Software Defined Networks (SDNs) decouple control plane and data plane. This gives us a logically centralized location to change the forwarding state of networks and observe all the state changes that happen in the network. This is a new opportunity to verify every state change against design policies and invariants of the network, before the changes hit the data plane. Inspired by this, we designed and implemented a system, called NetPlumber [2] which can verify - in real-time - a wide range of policies including reachability between ports and lack of forwarding loops and black holes. NetPlumber runs on an up-to-date snapshot of the network. When a change occurs in the network, NetPlumber performs incremental computation to update the check results. In essence, NetPlumber is a fast knowledge base, reflecting the dependencies among captured network states using a graph called the plumbing network.

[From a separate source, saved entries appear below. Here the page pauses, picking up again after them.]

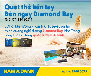 Nhằm tri ân khách hàng có doanh số chi tiêu cao bằng thẻ tín dụng quốc tế, Nam A Bank đã triển khai chương trình khuyến mãi “Quẹt thẻ liền tay đến ngay Diamond Bay” trên toàn hệ thống từ ngày 01/07/2015 đến ngày 31/12/2015 với các giải thưởng hấp dẫn: Giải nhất là 01 chuyến du lịch 03 ngày 02 đêm dành cho 02 người trị giá 18.000.000 VND gồm vé máy bay, resort 02 đêm và chi phí sinh hoạt tại Diamond Bay; 02 Giải nhì, mỗi giải 01 chuyến du lịch 03 ngày 02 đêm dành cho 02 người trị giá 13.000.000 VND gồm vé máy bay và resort 02 đêm tại Diamond Bay; 02 Giải ba, mỗi giải 01 chuyến du lịch 03 ngày 02 đêm dành cho 02 người trị giá 9.000.000 VND với resort 02 đêm tại Diamond Bay.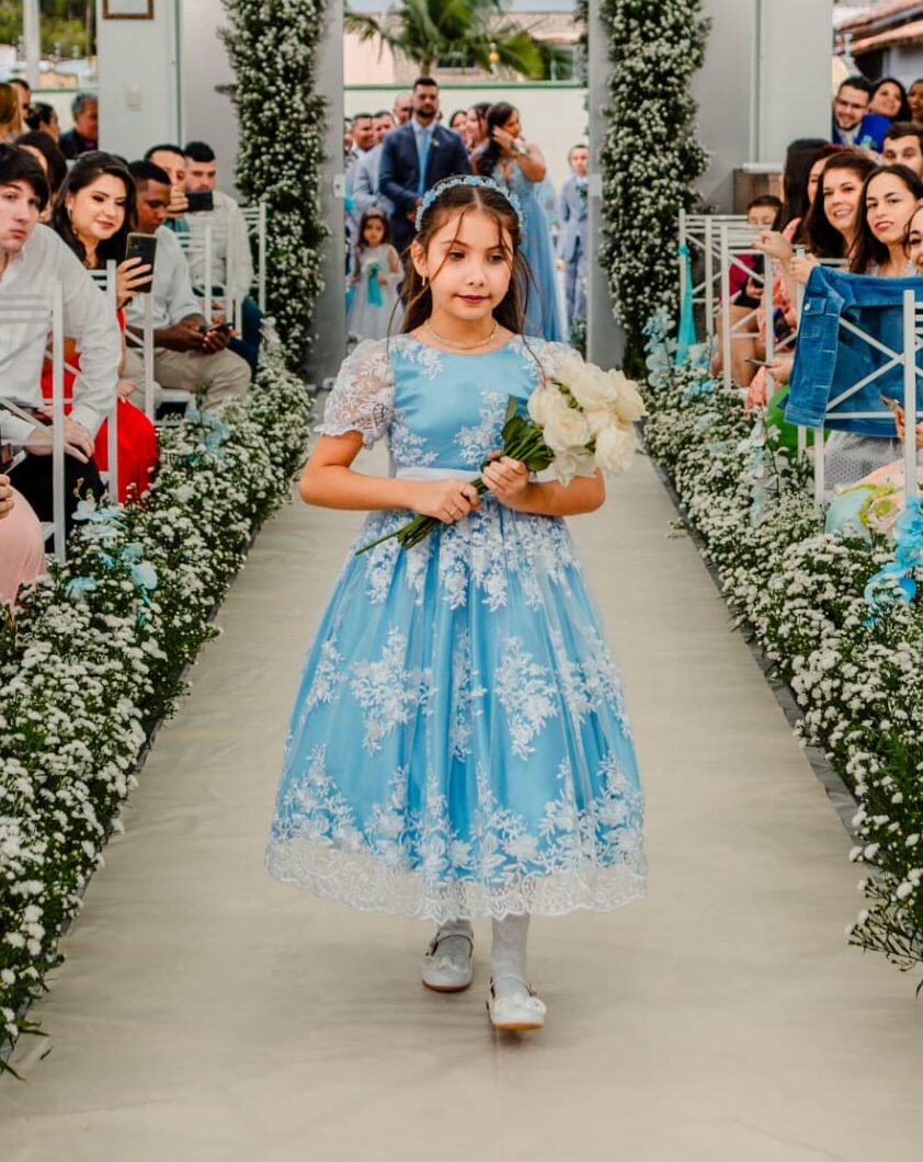 Vestido confecção própria em cetim noiva azul celeste com sobreposição de renda branca, um encanto!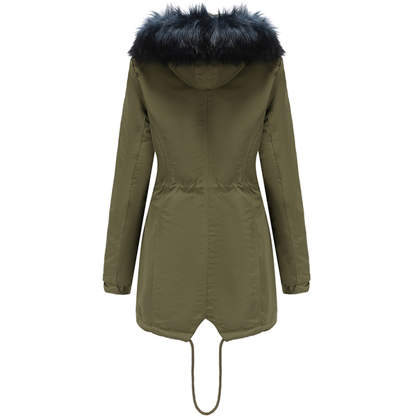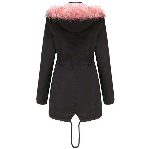 Fashion Detachable Faux Fur Collar Hooded Drawstring Waist Warm Coat
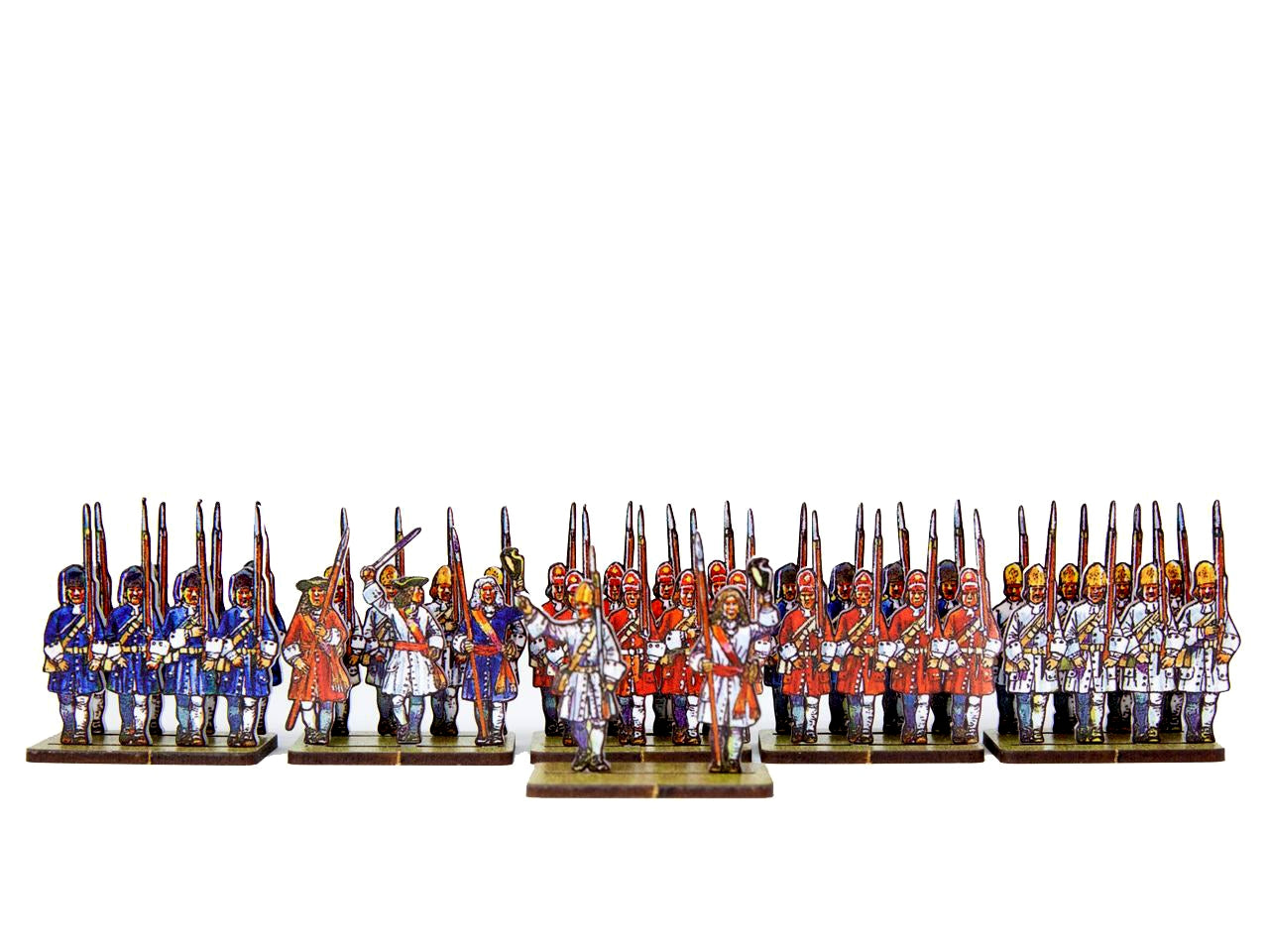 The Dutch Grenadiers (red, blue and white uniforms) Set is crafted on a 15x20 cm Plexiglass sprue and includes:

We tested NetPlumber on 3 networks, Google's inter-datacenter WAN which is the largest deployed SDN, the Stanford University backbone network and Internet 2 nationwide network. With NetPlumber, checking the compliance of a rule update against a single policy takes on average 50-500us. This implies that NetPlumber can check, on average, the compliance of 2000 rule updates (installation/removal of forwarding rules) per seconds.

Automatic Test Packet Generation

The only way to detect a data plane problem such as link and line card failure, high delay or low bandwidth is through active testing or passive monitoring of network at run time. These problems are characterized as a mismatch between the captured state of the network and its actual behavior. In order to detect these failures, we developed a framework called Automatic Test Packet Generation (ATPG) [3] that automatically generates a minimal set of packets to test the liveness of the underlying topology and the congruence between data plane state and observed behavior.

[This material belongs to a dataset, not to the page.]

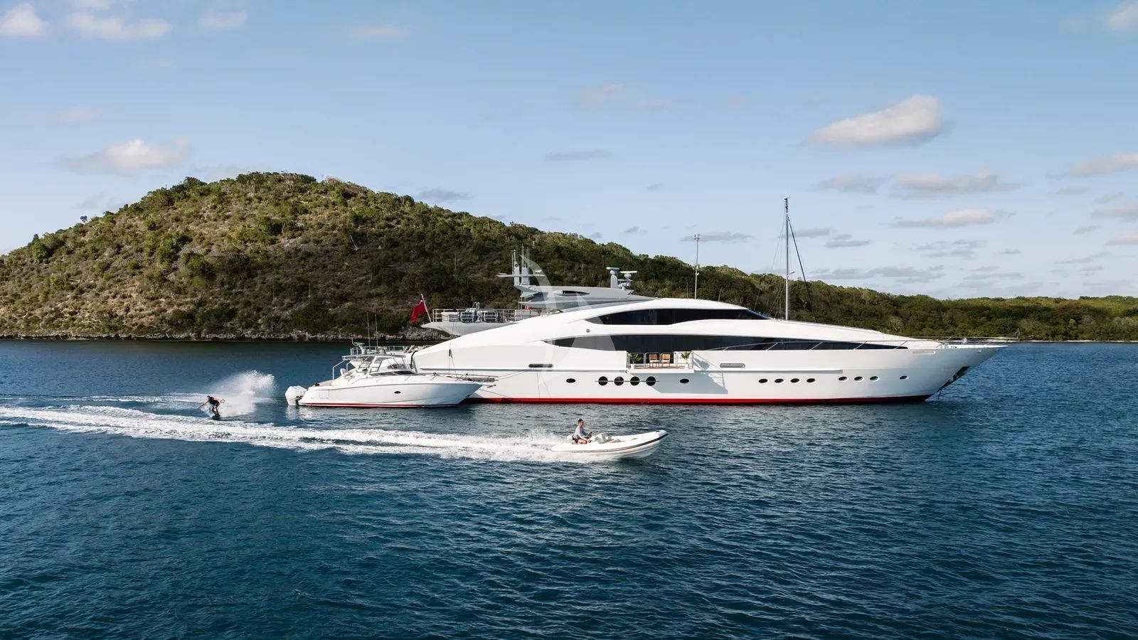 NORMA JEAN represents the pinnacle of Palmer Johnson's craftsmanship, combining sleek aluminium construction with the sophisticated interior design expertise of Nuvolari Lenard. This magnificent 45.7-meter semi-displacement yacht, fresh from her comprehensive 2024 refit, offers an unparalleled charter experience throughout the Caribbean and Bahamas. Her impressive 27-knot maximum speed and 3,000-nautical-mile range ensure effortless exploration of pristine destinations, while her shallow 1.77-meter draft opens access to secluded anchorages unavailable to larger vessels. Accommodating up to 10 guests across five beautifully appointed cabins, NORMA JEAN features a spectacular full-beam primary suite on the main deck, complete with study, lounge area, and dual ensuite bathrooms. Four additional guest cabins on the lower deck provide luxurious comfort with king, queen, and twin configurations. The yacht's entertainment capabilities are equally impressive, featuring outdoor cinema, comprehensive 4/5G Starlink connectivity, and stabilizers for supreme comfort both underway and at anchor. Adventure enthusiasts will appreciate NORMA JEAN's exceptional toy collection, including the latest Fliteboard eFoil, SeaBobs, Sea-Doo Sparks, and a fully-equipped 37-foot Sunseeker chase boat. The innovative Aquabana floating platform creates an exclusive private beach club experience, while professional fishing gear and comprehensive watersports equipment ensure every guest finds their perfect aquatic pursuit. Based in Nassau during summer months and Sint Maarten for winter, NORMA JEAN delivers unforgettable luxury yacht charter experiences across the region's most coveted destinations.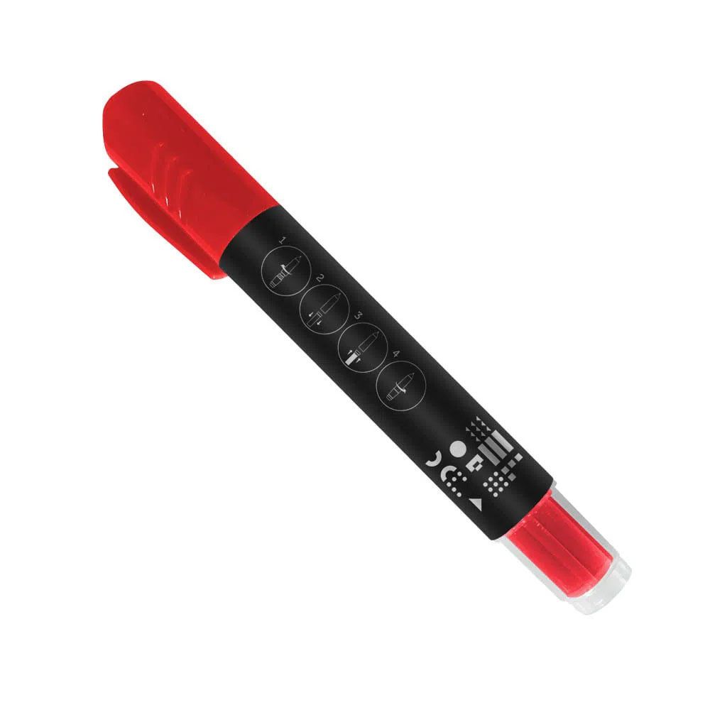 Marcador permanente con punta biselada de 2-4mm es posible utilizarlo en diversas superficies, como papel, madera, metal, vidrio, entre otras. Tiene un alto rendimiento y se puede recargar con un simple cambio de cartucho de tinta

ATPG detects and diagnoses data plane errors by independently and exhaustively testing all forwarding entries, firewall rules, and any packet processing rules in the network. This is the same idea as software testing where a good test suite should provide a complete coverage of the program, hitting every line and branch of the code. In ATPG, test packets are generated algorithmically from the device configuration files and FIBs, with the minimum number of packets required for complete coverage. ATPG uses Header Space Analysis framework for generating test packets. As a result it can handle constraints on location of test terminals and header of test packets. The resulting test packets are fed into the network so that every rule is exercised directly from the data plane. Since ATPG treats links just like normal forwarding rules, its full coverage guarantees testing of every link in the network as well. Once an error is detected through test packets -- e.g. a missing or unexpectedly delayed packet -- a fault localization algorithm is invoked to pinpoint the exact location of the error.

We tested ATPG on two real-world network snapshots, Stanford University's backbone and Internet 2 and find that a small number of test packets suffices to test maximum number of rules in these networks (4,000 on 35,000 respectively). Sending these test packets 10 times per second consumes less than 1% of link capacity.